Canadian footwear manufacturing company

Kaufman Footwear was a Kitchener, Ontario-based shoe company. It was known for its Sorel brand.

==History==
The Kaufman Rubber Company was founded by Jacob Kaufman and his son Alvin Ratz Kaufman in 1908, in Berlin, Ontario - what is now Kitchener, Ontario. It became Kaufman Footwear in 1964.

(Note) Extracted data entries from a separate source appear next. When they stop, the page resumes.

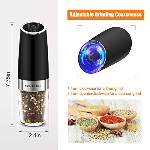 1.EASY TO USE: The mill adopts gravity sensing principle.It starts working automatically with the blue light on when you tilt it to a certain degree , no button to press, super convenient to use with only one hand.
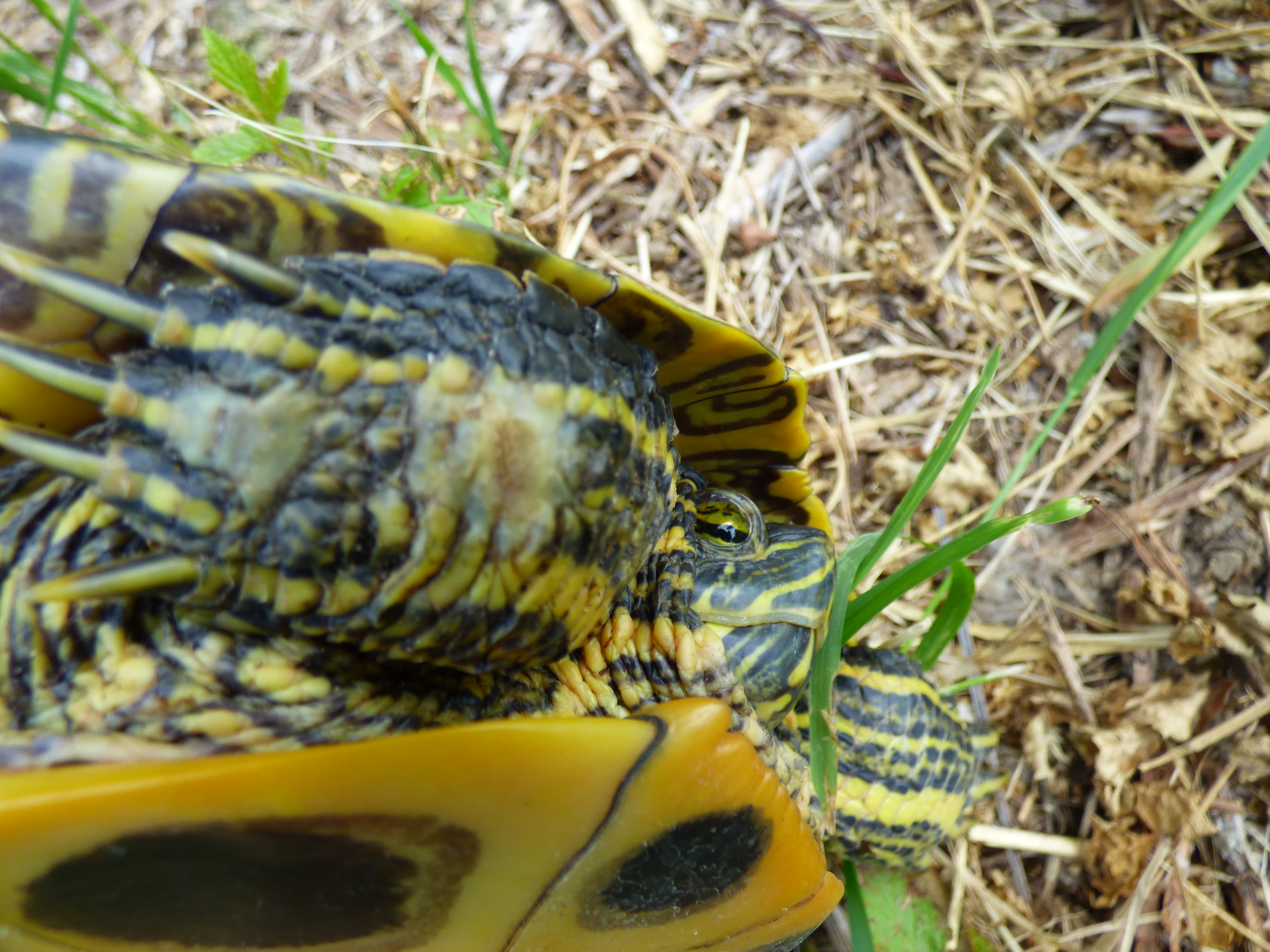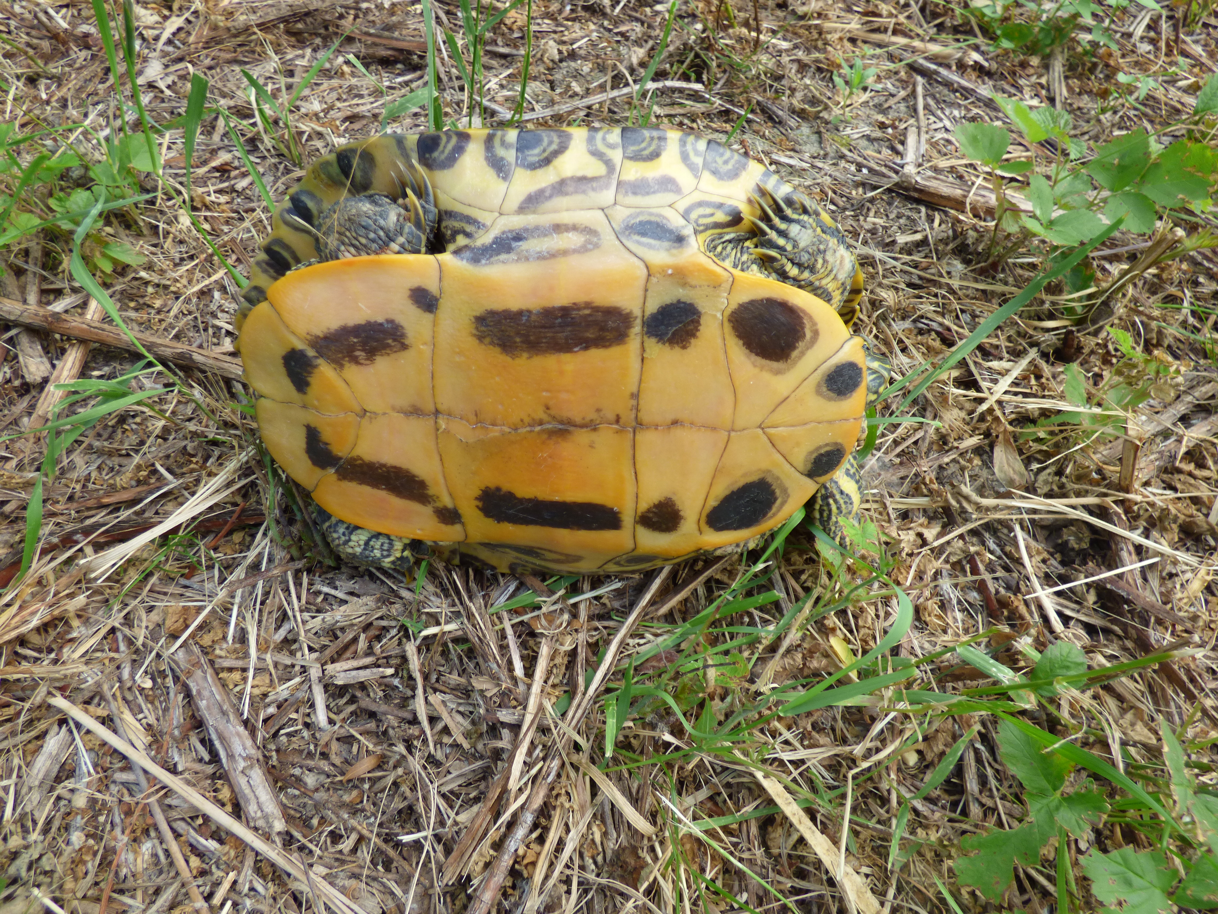 Beim Spaziergang in unserem Kleinen Wald komme ich zu einem Geländestreifen, der erst jüngst gemäht und gemulcht wurde, damit Brombeerbüsche nicht alle anderen Pflanzen überwuchern. Auf diesem Geländestreifen entdecke ich eine Rotwangenschildkröte, die, gemächlich wandernd, sich immer weiter von dem Weiher entfernt, in dem recht viele ihrer Artgenossen leben. Ich nehme die Schildkröte hoch und erkenne an der vollkommen planen Unterseite des Panzers, dass es ein weibliches Tier ist. Vermutlich ist es auf der Suche nach einem geeigneten Eiablegeplatz. Nachdem ich die Schildkröte wieder abgesetzt habe, streckt sie nach einer Weile den Kopf aus ihrem Panzer und setzt sich ohne Hast wandernd in Bewegung. Ich entferne mich zwar in die entgegengesetzte Richtung, kehre aber nach 45 Minuten zur gleichen Stelle zurück und entdecke nach kurzer Suche die Schildkröte wieder. Inzwischen hat sie mit den scharfen Krallen ihrer Hinterbeine eine Grube in das durch die Sonnenwärme sehr harte Erdreich gescharrt. Den harten Boden hat sie mit Wasser so angefeuchtet, dass eine kleine Schlammpfütze entstanden ist, die das Graben erleichtert. Das Wasser hierfür hat sie in ihrem Analsack, mit dem die Natur die Schildkröten ausgestattet hat, mitgebracht.  Um nicht weiter zu stören, entferne ich mich. Der gewählte Eiablegeplatz erscheint mir allerdings nicht geeignet, denn die wachstumsfreudigen Brombeeren werden bald wieder austreiben und somit die Sonne an der nötigen Erwärmung des Brutplatzes hindern. Die Rotwangenschildkröten sind in den mittleren und östlichen Nordamerika beheimatet. Sie wurden durch den Tierhandel  als Schmuckschildkröten nach Europa  eingeführt und an Tierfreunde verkauft. Vielen dieser Tierfreunde wurden diese Schildkröten irgendwann lästig und sie gaben ihnen, vielleicht sogar in guter Absicht, die Freiheit, indem sie die Reptilien einfach in unsere heimischen Gewässer aussetzten. Mittlerweile gibt es bei uns kaum ein Stillgewässer, das frei von Rotwangenschildkröten ist. Diese Fremdlinge stehen in Deutschland nicht unter Artenschutz. Sie werden als Verfälschung und Gefährdung unserer heimischen Fauna eingestuft, da sie der heimischen Europäischen Sumpfschildkröte den Lebensraum nehmen und Krankheiten übertragen können, gegen die unsere heimische Art keine Widerstandskräfte hat.
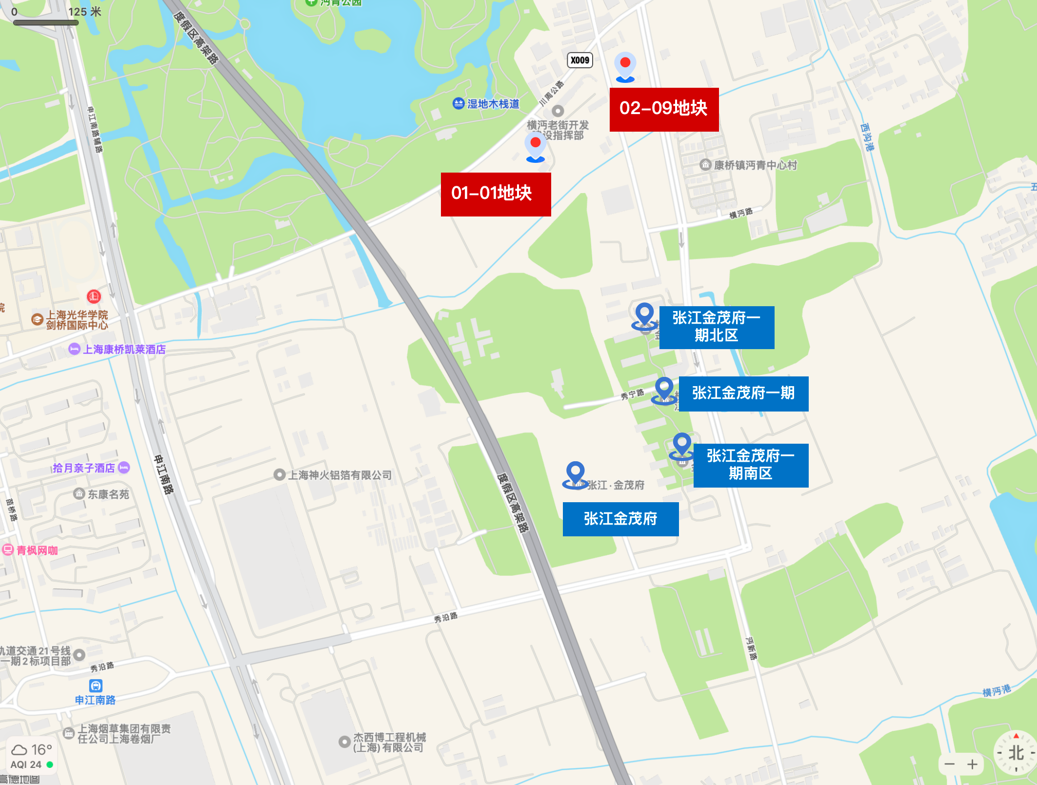 同年,金茂联合体以总价约29.94亿元摘得片区内首批地块(即现项目“横沔玖境瑞府”);2023年12月,再次以约28.13亿元摘得08-02地块(即“张江金茂府”)。
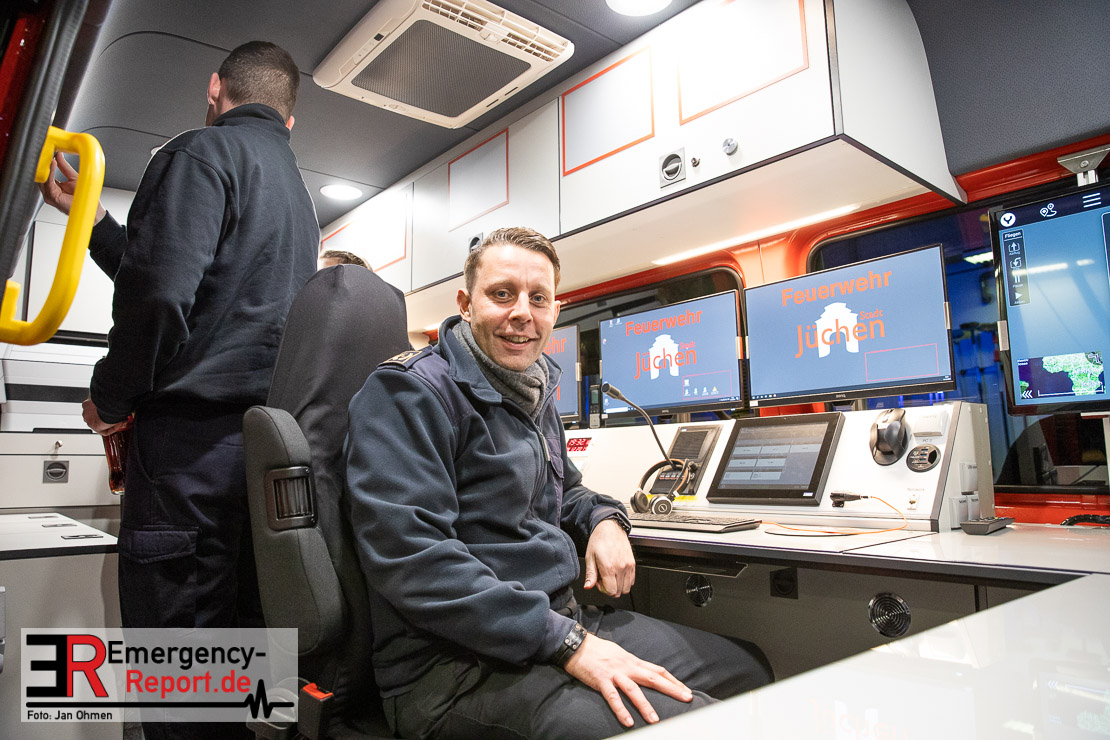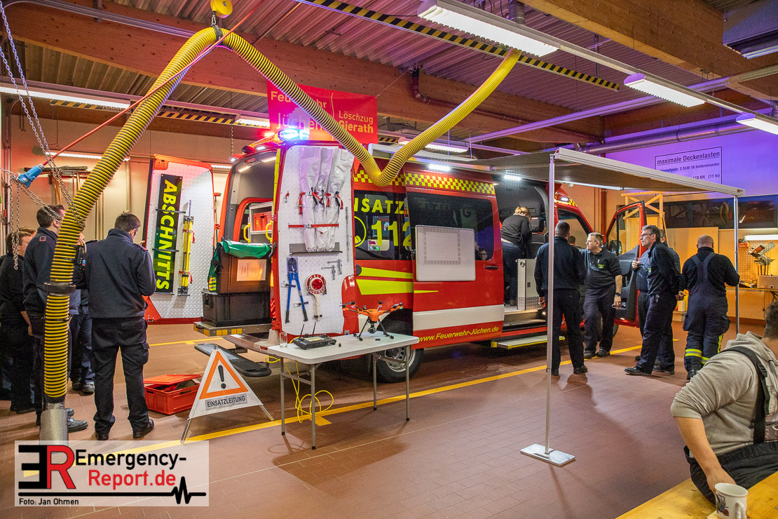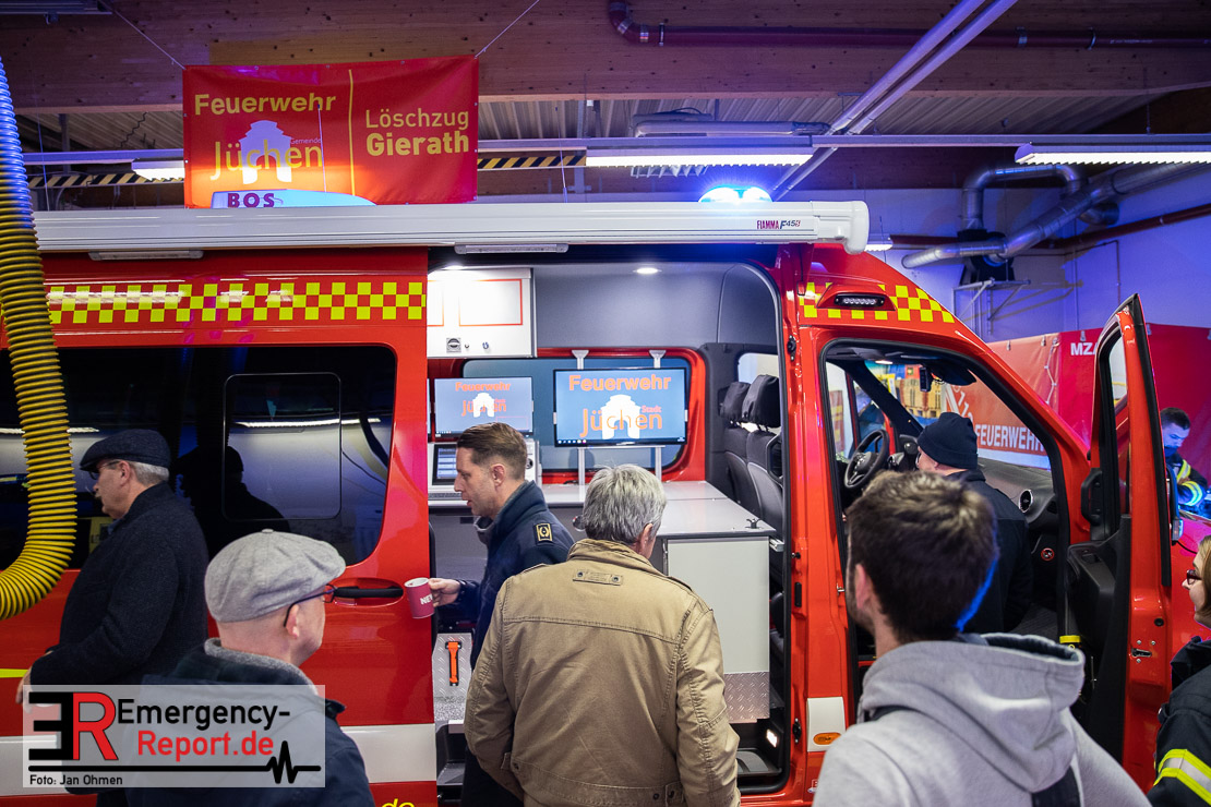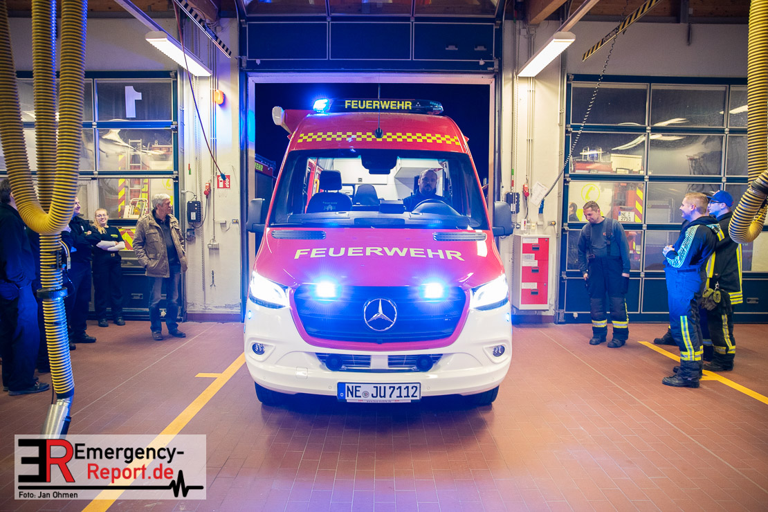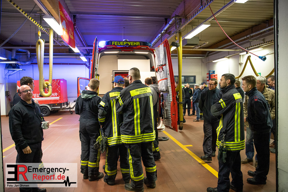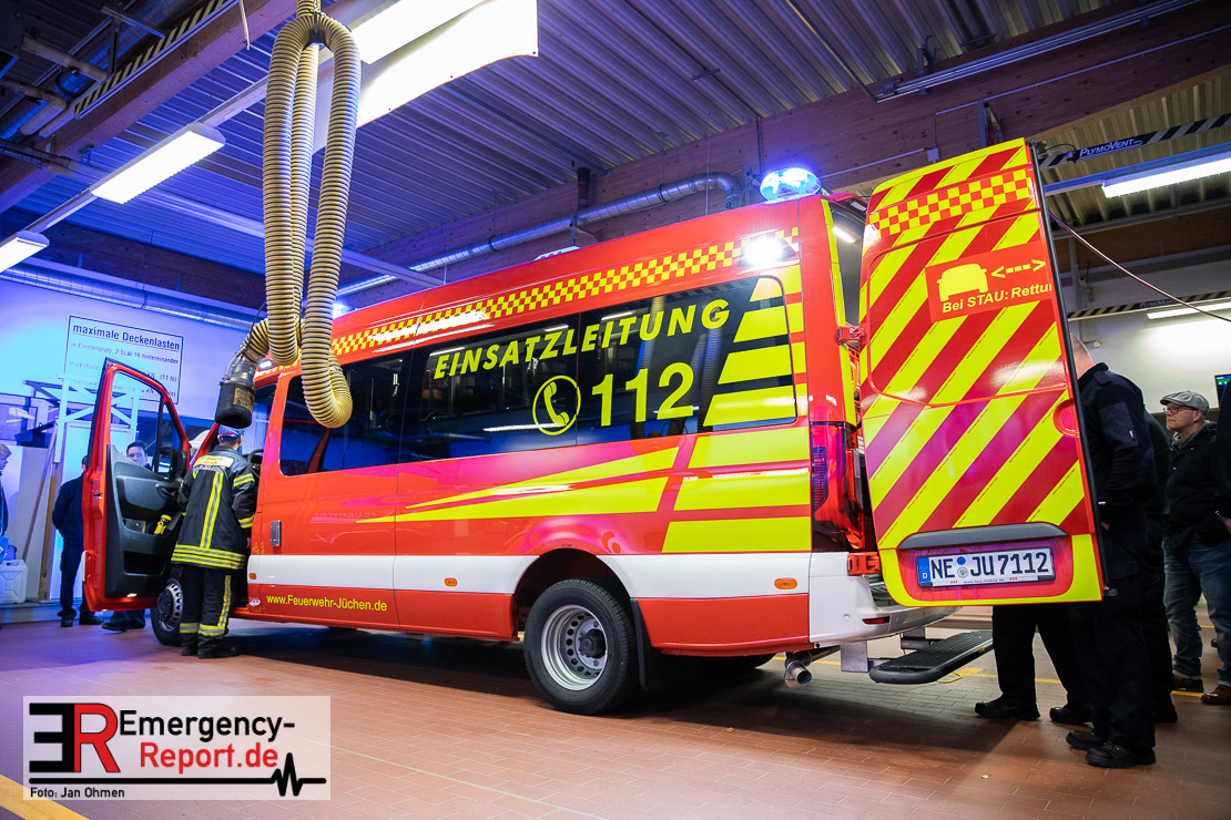 Am Abend war es endlich soweit. Die Feuerwehr Jüchen hat ihren neuen ELW1 in Empfang genommen. Nach knapp 3 Jahren intensiven Besprechungen, Planungen und der eigentlichen Produktion des Fahrzeuges war es am heutigen Abend endlich soweit – Sie konnten den neuen ELW1 bei sich im Gerätehaus begrüßen. Das Fahrzeug basiert auf einem Mercedes Benz Sprinter. Zu den Technischen Daten wird noch ein ausführlicher Text folgen. Vielen Dank für die Einladung!
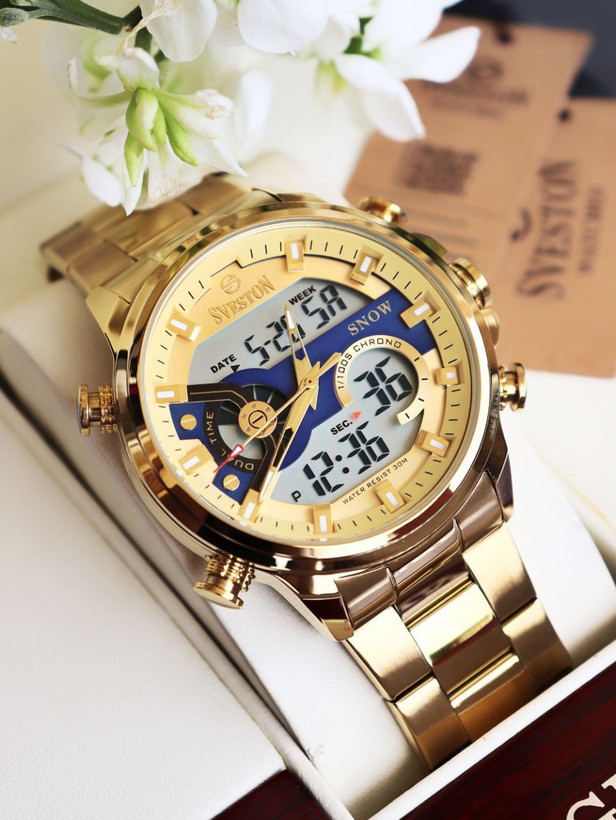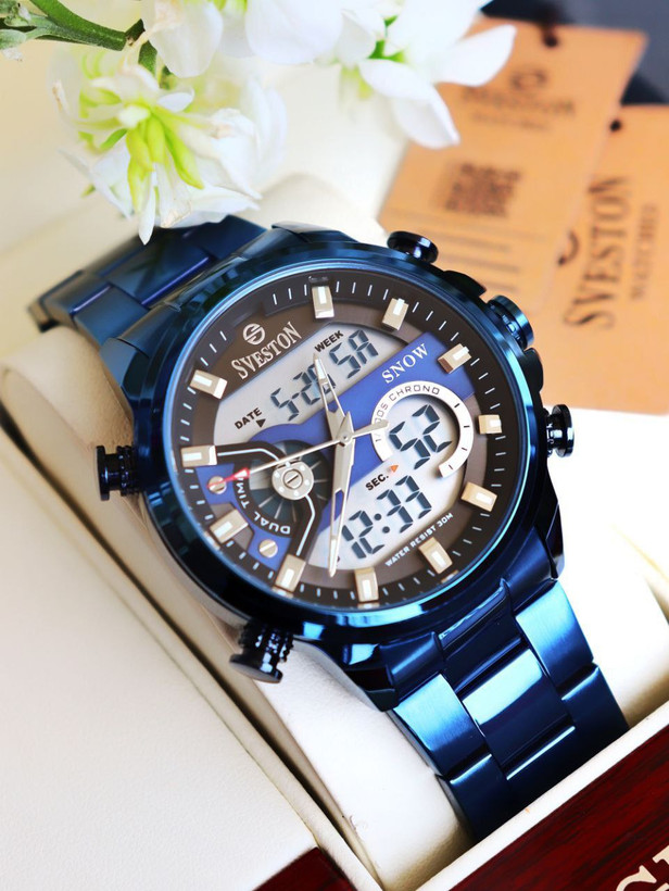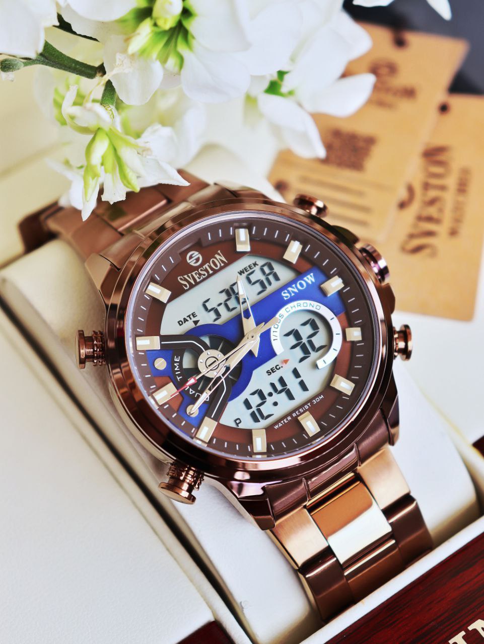 ساعت مردانه مارک سویستون رنگ ثابت دوزمانه الارم دار ضداب موتور ژاپن شب نما دار چراغ دار SVESTON

A.R. Kaufman took over as president of the company in 1920, a position he held until 1964, when his son, William H. Kaufman, assumed the role. A. R. Kaufman was a leading Canadian eugenicist who encouraged sterilization of his workers. When Kaufman Rubber laid off workers during the Great Depression, Kaufman's proposed solution to their financial woes was sterilization. Kaufman would later take credit for over 1000 male sterilizations performed at Kaufman factories between 1930 and 1969.

Kaufman Rubber Co. brands included Foamtread slippers, introduced in 1953; Showertogs, an early use of PVC as a clothing material, in 1954; and its Sorel line of winter boots, which was later developed as a utility and fashion winter footwear brand.

In 1961 Kaufman purchased L.H. Packard & Co. of Montreal, followed by Prospect Shoes Ltd. of Sherbrooke in 1966. Kaufman also manufactured under the brand names "Oomphies" (women's casual and duty shoes), "Snowbelles" (slush-molded vinyl boots), "Feelings" (women's casual sandals), "The Real Thing" (women's footbed sandals), "Kingtreads" (safety footwear) and "Black Diamond" (industrial footwear and clothing).

Kaufman Footwear declared bankruptcy in 2000 and the Sorel trademark was bought by Columbia Sportswear.